We conclude Sanchez’s claim fails for several reasons. The response to the jury’s
inquiry was legally correct. There was an evident reasonable tactical basis for agreeing to
it. And it is not reasonably probable the jury would have reached a more favorable result
if the trial court had reiterated the prosecution’s election as to which acts applied to
which count in its response. We therefore affirm the judgment.
I
FACTS
This case involves a violent episode that led to Sanchez’s conviction by a jury on
two counts of assault by means of force likely to produce great bodily injury. (Pen. Code,
§ 245, subd. (a)(4); unlabeled statutory citations refer to this code.)
2
The victim was Sanchez’s biological mother, T.E., who had lost custody of
Sanchez many years earlier, when he was around five- to seven-years old. Sanchez and
T.E. had a limited relationship.
On June 5, 2022, Sanchez went to T.E.’s apartment on Valley Boulevard in
Bloomington. There, Sanchez began drinking alcohol and became heavily intoxicated and
threw up inside her apartment. T.E. said she felt Sanchez was disrespecting her home and
feared his conduct would disturb her neighbors and cause her to lose her housing.

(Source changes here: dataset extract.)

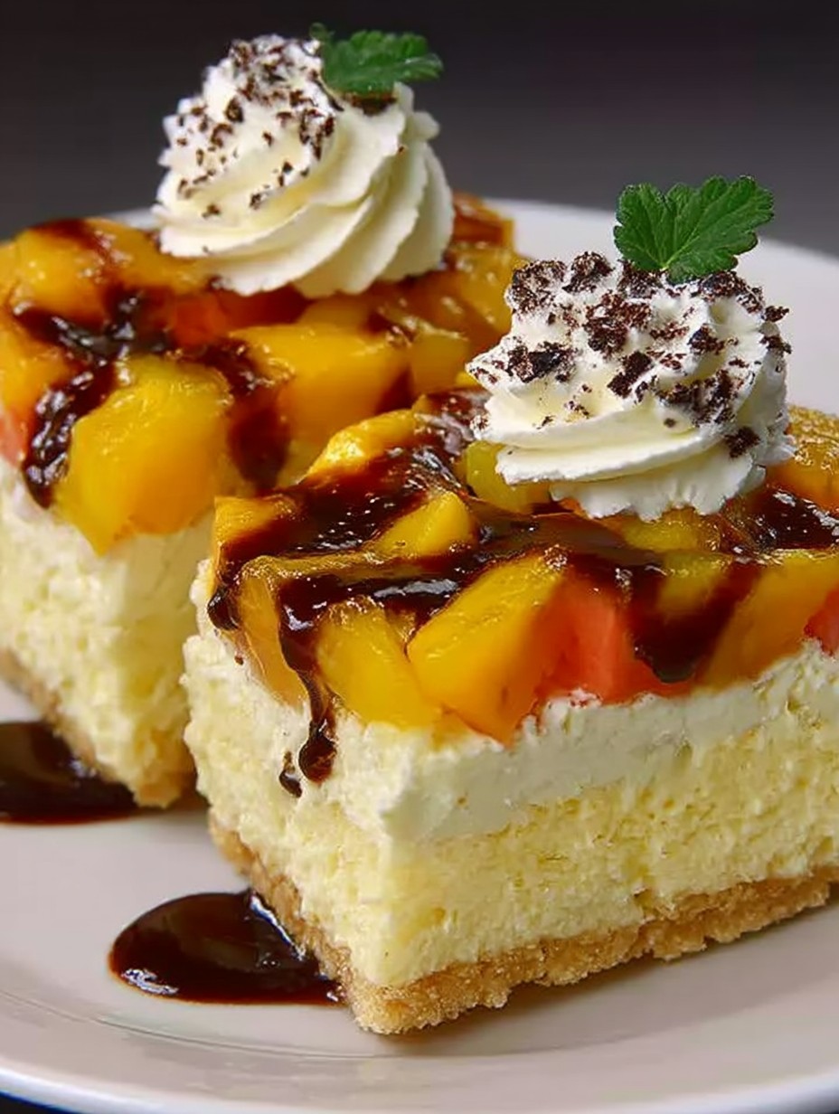 Serviertipp: Schneiden Sie die Schnitten nach dem Kühlen in gleichmäßige Stücke und garnieren Sie sie mit frischen Minzblättern oder einer weiteren Auswahl an Früchten für einen zusätzlichen Farbtupfer!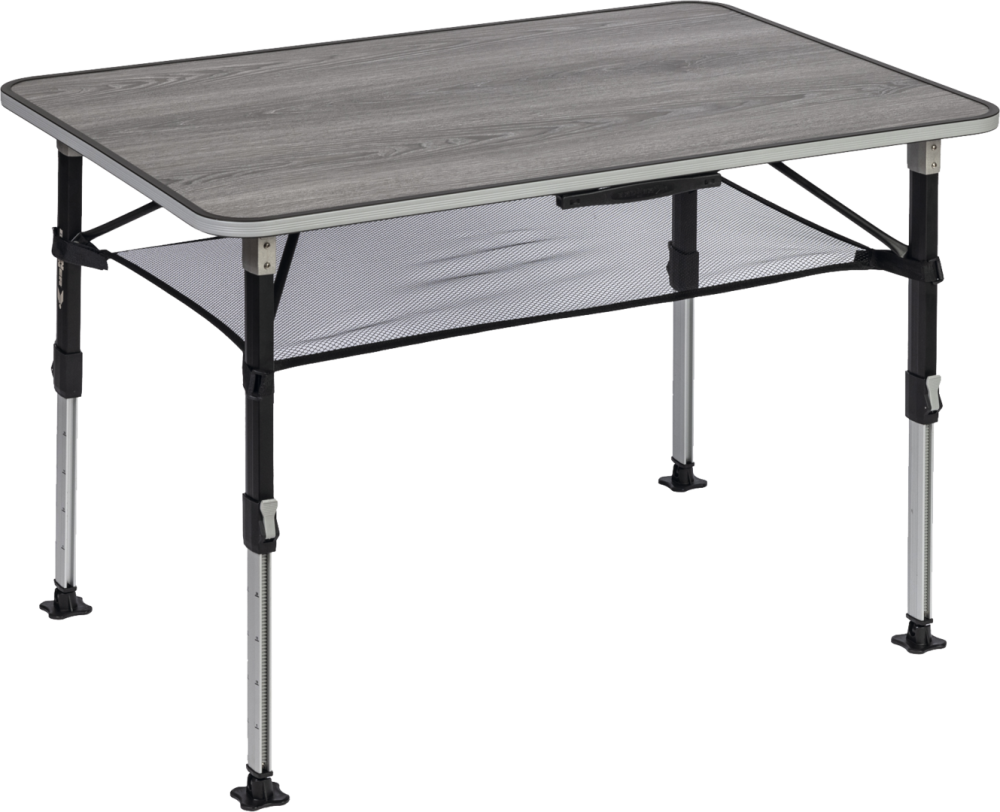 Prémiový kempingový a venkovní stůl s nově vyvinutým, exkluzivním skládacím mechanismem a ultralehkou voštinovou deskou stolu. Průběžná hrana stolu zaručuje dodatečnou stabilitu a bezpečnost. Díky centrální posuvné liště lze stůl snadno sestavit a rozložit během několika sekund.

T.E. opened her front door and told Sanchez to leave. Sanchez threatened to attack
her and then ran forward and pushed T.E. through the door to the landing outside her
apartment. T.E. dropped to the ground to protect her body, and Sanchez began punching
and kicking her. After T.E. stood up, Sanchez threw or pushed her down the stairs, and
she rolled to the bottom.
T.E. testified that she kept a knife in the apartment to protect herself and was
holding it during the assault. She said she did not use the knife against Sanchez, but she
pointed it at him before he threw her down the stairs. She said she got up and went back
up the stairs to prevent Sanchez, who was still at the top, from going back into her home.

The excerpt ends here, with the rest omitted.